ある日、婚約者のいる人間は婚約者と共に参加するのが常の、生徒会主催のパーティで、“白面の君”が自分ではなく生徒会の別メンバー(セオリー通りのピンク髪)と参加しているのを見つけてしまう。数少ない友人が心配する中、主人公は「大丈夫!私、嫌われるのは慣れているから」と微笑んで流し、それを見てピンク髪はクスクス笑い“白面の君”に腕を絡めしなだれかかる。が、“白面の君”は全く意に介する様子がない。
夢
「何で笑ってんだ気色悪いな!」とさらに髪を掴んで引っ張ろうとした男生徒が急に仰け反り、後ろに弾き飛ばされる。体勢を立て直した男生徒が再度主人公を見据えると、そこには冷たい魔力を帯びたレイピアを構えた“白面”が主人公を守るようにしている。「お前ら何なんだよ!?」と吠える男生徒の前で、主人公は体勢低く構えている“白面”の頭を撫で「実に可愛い忠犬でね。私が命じると“ワン”の一声で何でもこなしてしまうのだよ」と言い放つ。主人公こそが学園に潜入した秘密警察で、“白面”はその使い魔だった。人間を使い魔とする術は高位の魔法使いどころか“悪魔”にしか使えないとされており、男生徒は青ざめて後退りし、走り去る。
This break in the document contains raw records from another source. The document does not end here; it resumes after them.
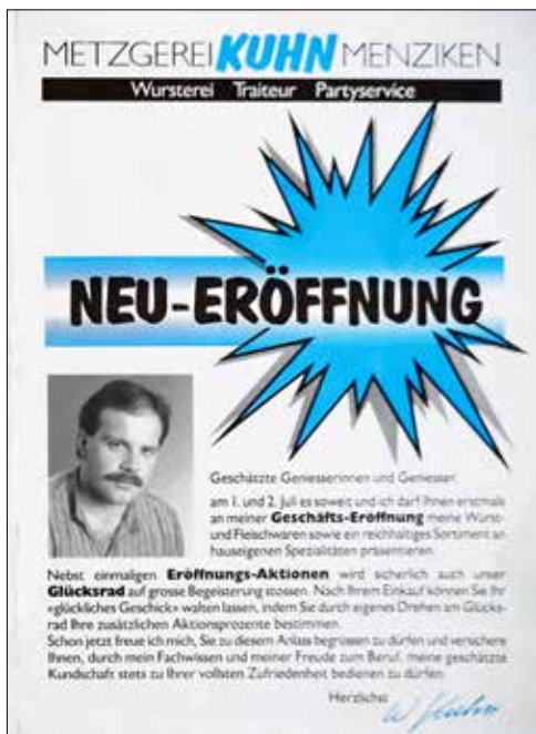
So fing alles an: Flyer für die Neueröffnung der Metzgerei.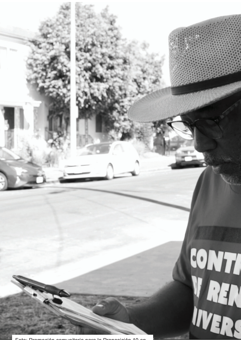
Foto: Promoción comunitaria para la Proposición 10 en mid-city.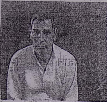
पट्टा देने वाला

Reg. No. 401 Reg. Year 2007-2008 Book No. 1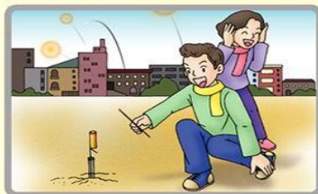
飛行類玩具煙火須先固定妥當，並應對空垂直發射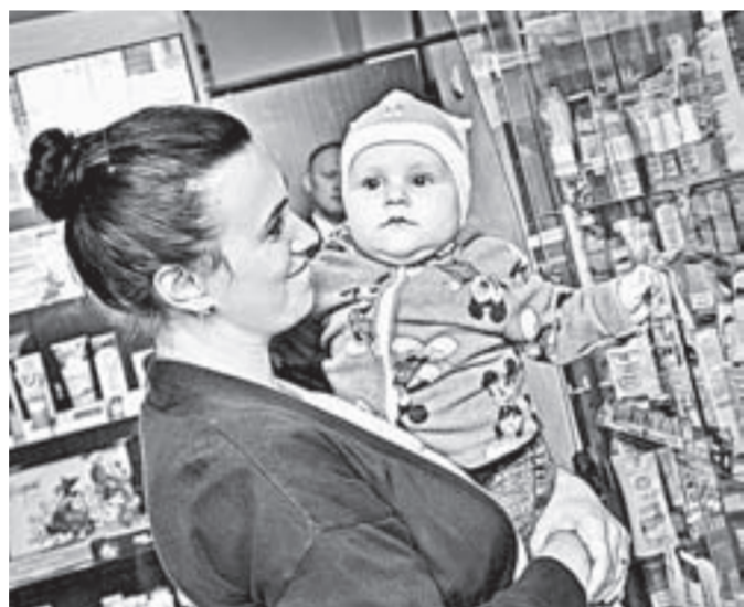
На прилавках – множество препаратов для самых маленьких.

「追いますか?」レイピアをしまいながら訊ねる“白面”に主人公は「“魔眼”の射程に入った。彼はシロだ」と返す。主人公は相手の隠し事を見通す“魔眼”を持っており、先ほど顔が至近距離に近づいたために隠し事の内容を垣間見たのだった。「しかし、これでは我々の関係が露呈するのでは」となお懸念する“白面”に「彼は君のことを敵視していた。選民思想の生徒会の彼奴等が果たして『秘密警察が私で“白面”はグル』などという世迷言を信じるか?……まあ手は打つさ。彼の“隠し事”は、私の手の内なのだから」と返す主人公。
ここで目覚めてしまった
夢
次の日、本来休みであるはずの生徒会メンバーを“白面の君”が招集する。聞けばここのところ、学園内で不審な魔力が検知されているという。不審な魔力は、学園に設置されている結界やポータルを壊したり、生徒の体調不良や精神不安を誘発するような形で使われているらしい。その捜査のため警察の介入を受け入れることにしたと告げる“白面の君”に、他の生徒会メンバーが反発する。「学園の自治が乱れる、まずは生徒会メンバーが捜査すべきでは」との意見が上がるのを聞き、“白面の君”は「それらの不審な魔力は非常に古く強い魔法を動かしており、そのような芸当ができるのは上位生徒会メンバー、つまりこの場にいる者以外にはあり得ない」と応える。「俺らを疑ってるってのかよ!?」と食ってかかるメンバーに“白面の君”は「捜査対象には私も含まれる」と返し鎮静化させ、とりあえずその場をおさめる。
次の日、主人公がひとりで歩いていると、会議で“白面の君”に食ってかかったメンバーが詰め寄ってくる。「この学園の一番の嫌われ者といえばお前だよな、お前が犯人なんじゃないのか?違うなら“白面”に吠え面かかせたいから協力しろよ、オラ」乱暴に胸ぐら掴まれる主人公だが、急にクスクス笑い出す。